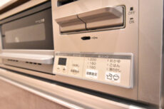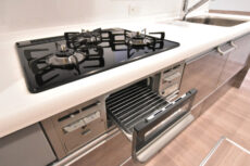 コンロは3口、グリル付。タイマーや簡単な温度設定が出来るようになっています。最近は便利になっているんですね。消し忘れも防げると有難いんですけど・・・あっ、私のことじゃありませんよ。一人暮らしの親のことです(笑)
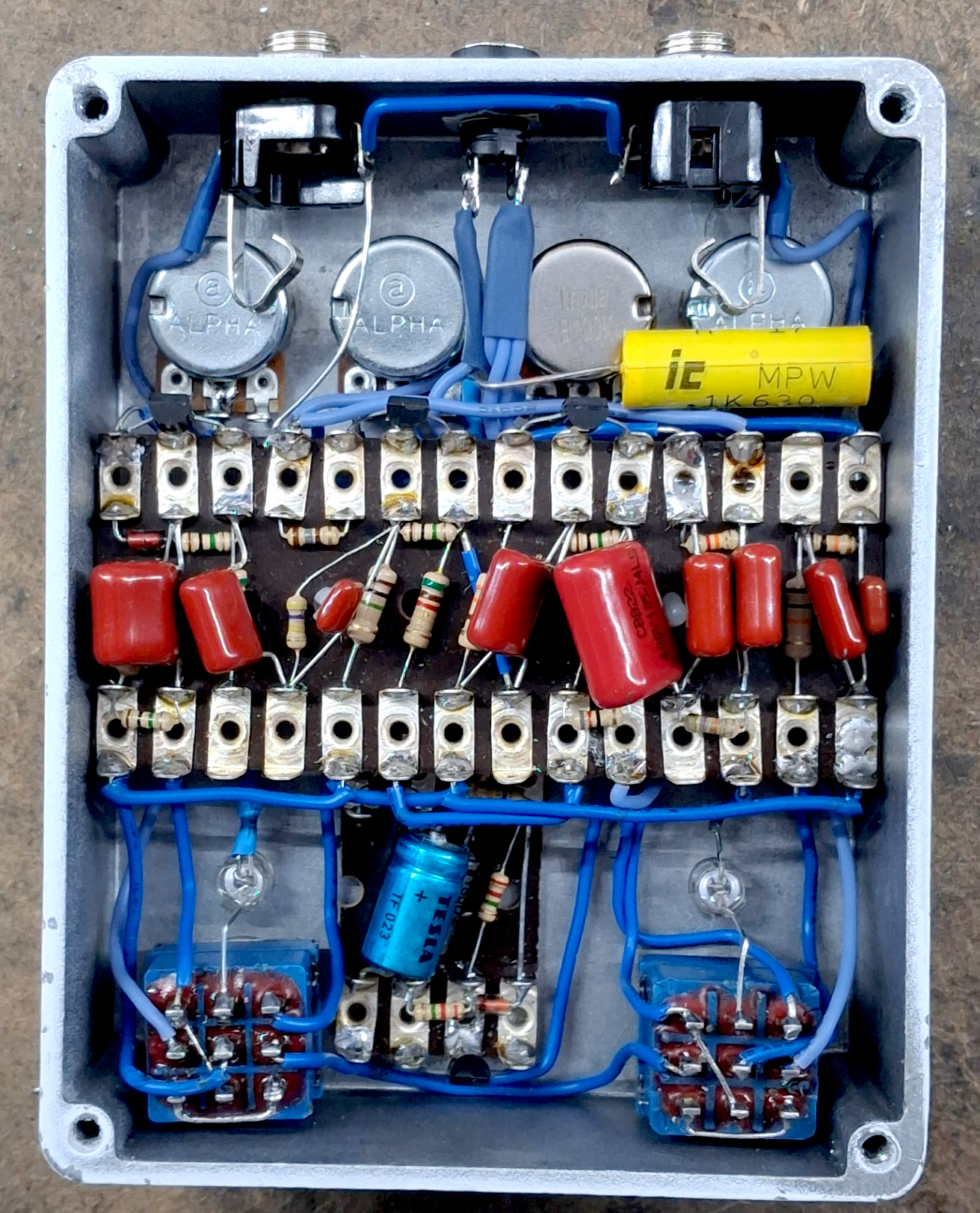 Come ho spiegato in questo precedente articolo, ho totalmente rivoluzionato la filosofia costruttiva dei miei pedali: per circuiti di tipo Fuzz, Boost, Overdrive e Distorsione, ho abbandonato le schede di circuito (PCB) per utilizzare il metodo Tag Board, influenzato dai circuiti di Hello Sailor Effects, dalle grafiche di Reeves Electro e dai componenti vintage del mio amico Tim Electro
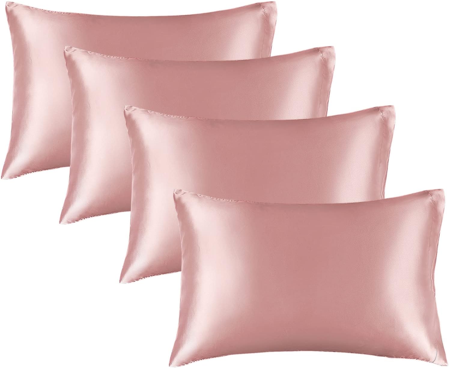 BEDELITE Satin Pillowcase for Hair and Skin, Super Soft Similar to Silk Pillow Cases 4 Pack with Envelope Closure, Cooling Pillowcases for Women Men (20"x36" King Size, Rose Pink)
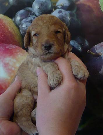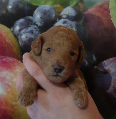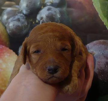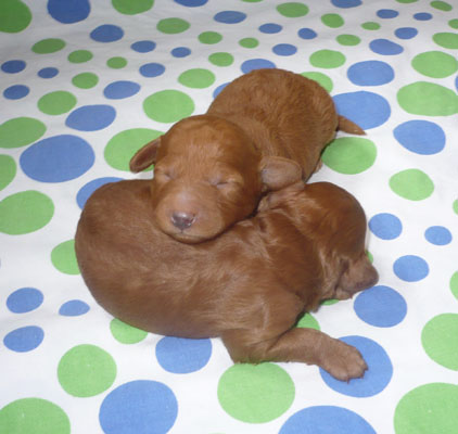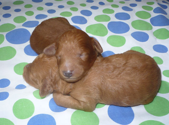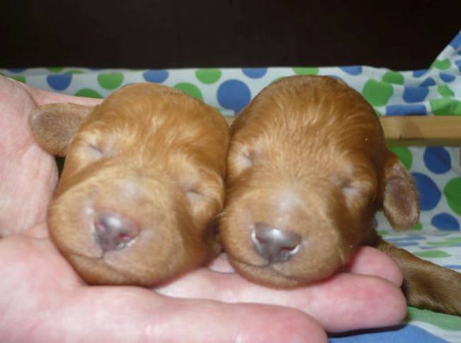 16 days old The puppies have just opened their little eyes and ears begin to open, too. |
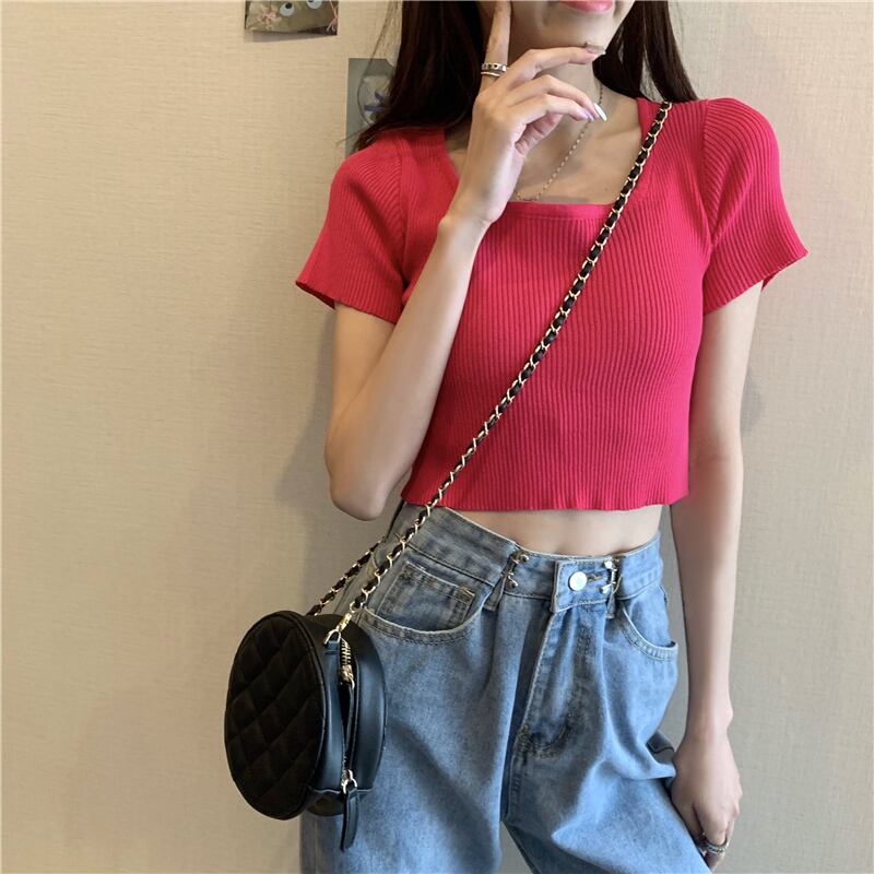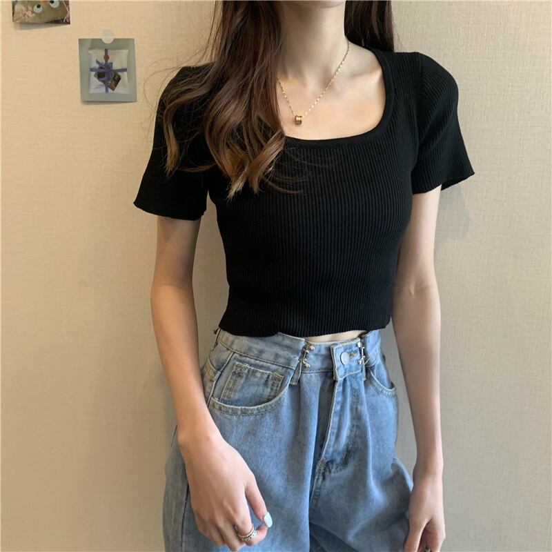 ブラックショートトレンド夏服クロップドニットTシャツレディーストップス 薄手 夏物 Marchs54685449192
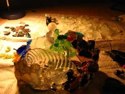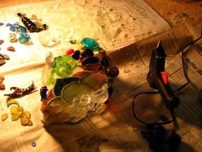 También, si se trabaja con piezas de desecho, soplado de vidrio o cualquier cosa con chips o bordes filosos, pasar esas fichas con pegamento-it no afecta el color, es apenas perceptible en vidrio coloreado y hace menos filos.
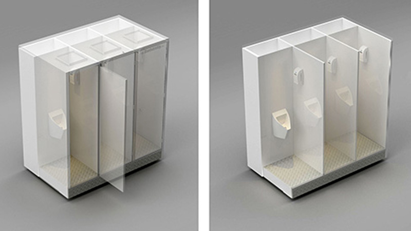 Módulo Mictório Triplo oferece 3 cabines individuais com mictórios independentes, totalmente privativos. Otimizando o uso do espaço, Módulos Mictórios consomem o mesmo espaço de um Módulo Duplo, oferecendo 1 porta a mais.
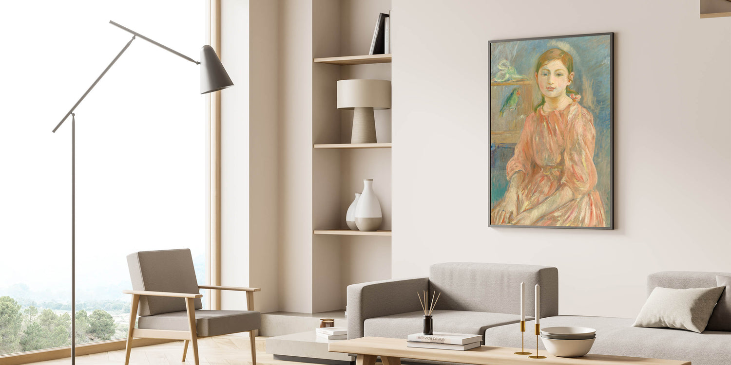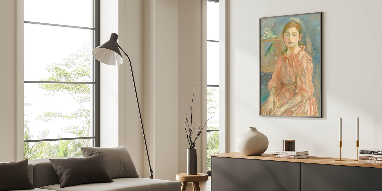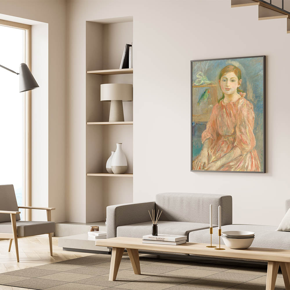 Add a touch of historical elegance to your interiors with this Impressionist wall art inspired by Berthe Morisot's timeless portraiture. "The Artist's Daughter with a Parakeet" is a celebration of artistry and familial warmth.
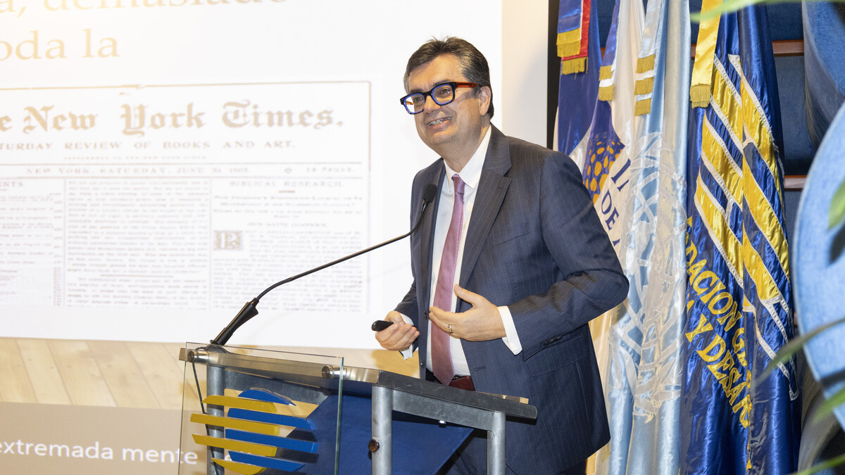 Barata dictó la conferencia “Libertad de expresión, grandes plataformas, regulación y moderación de contenidos” en el auditorio de la Fundación Global Democracia y Desarrollo (Funglode), con la presencia del expresidente de la República y presidente de la institución, Leonel Fernández.
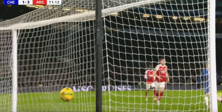 第49分鐘,羅伯特-桑切斯撲救失誤,哲凱賴什笑納大禮破門,阿森納2-0!
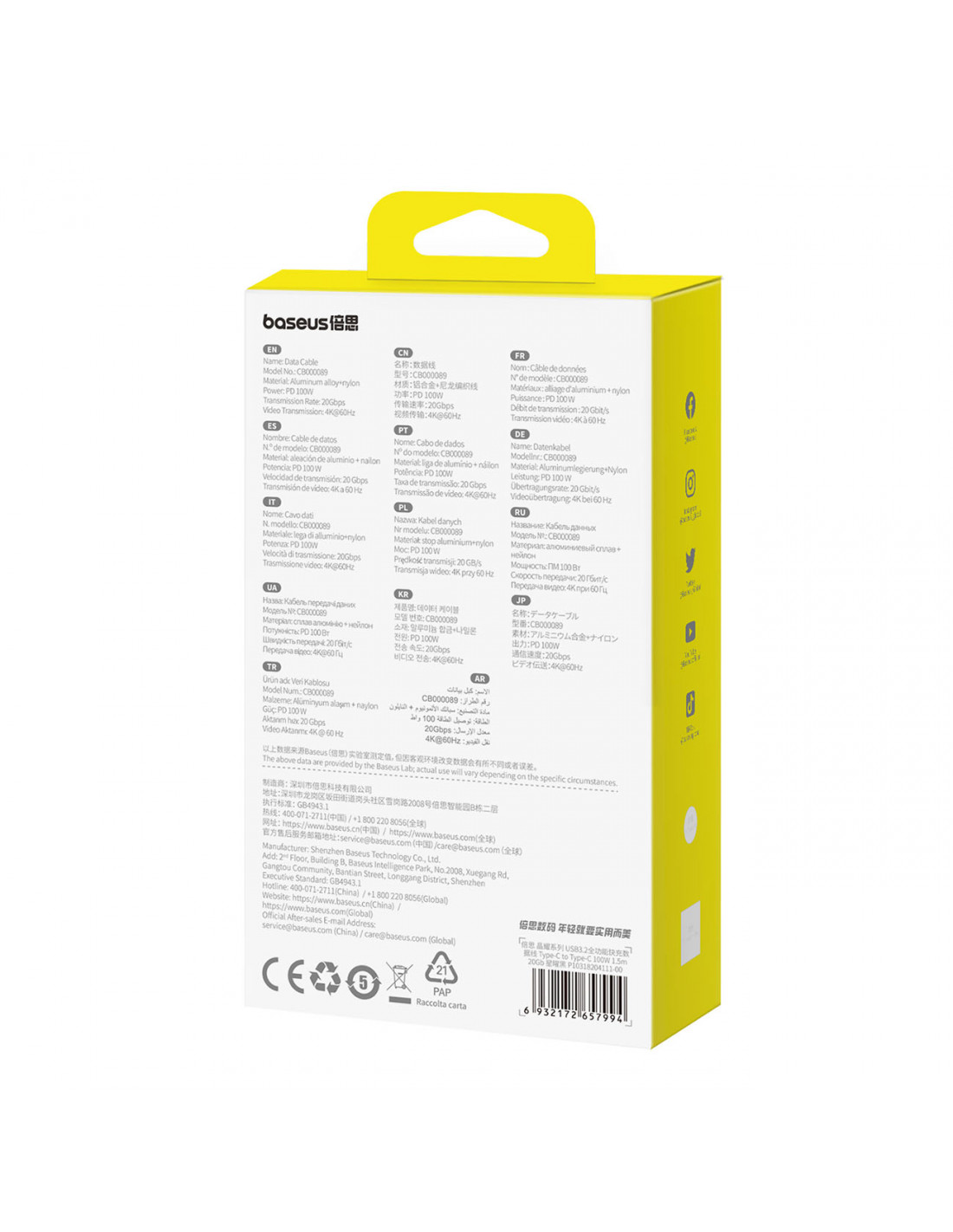 „Baseus Crystal Shine CB000089“ laidas turi USB 3.2 Gen2 technologiją, siūlančią dvigubą perdavimo greitį, 4K/60Hz didelės raiškos palaikymą ir itin greitą 100 W įkrovimą. Nesvarbu, ar jums reikia įkrauti nešiojamąjį kompiuterį, planšetinį kompiuterį ar telefoną, šis laidas užtikrina neprilygstamą našumą. Elegantiškas matinis dizainas su skaidriomis detalėmis ir pintas nailono dangtelis užtikrina patvarumą ir stilių.

■ What you are asked to do ■
From the data above, return exactly the lines from the one with "ブラックショートトレンド夏服クロップドニットTシャツレディーストップス 薄手 夏物" up to and including the one with "Módulo Mictório Triplo". Pictures do not go in the copy.

■ Output for this exercise ■
 ブラックショートトレンド夏服クロップドニットTシャツレディーストップス 薄手 夏物 Marchs54685449192
 También, si se trabaja con piezas de desecho, soplado de vidrio o cualquier cosa con chips o bordes filosos, pasar esas fichas con pegamento-it no afecta el color, es apenas perceptible en vidrio coloreado y hace menos filos.
 Módulo Mictório Triplo oferece 3 cabines individuais com mictórios independentes, totalmente privativos. Otimizando o uso do espaço, Módulos Mictórios consomem o mesmo espaço de um Módulo Duplo, oferecendo 1 porta a mais.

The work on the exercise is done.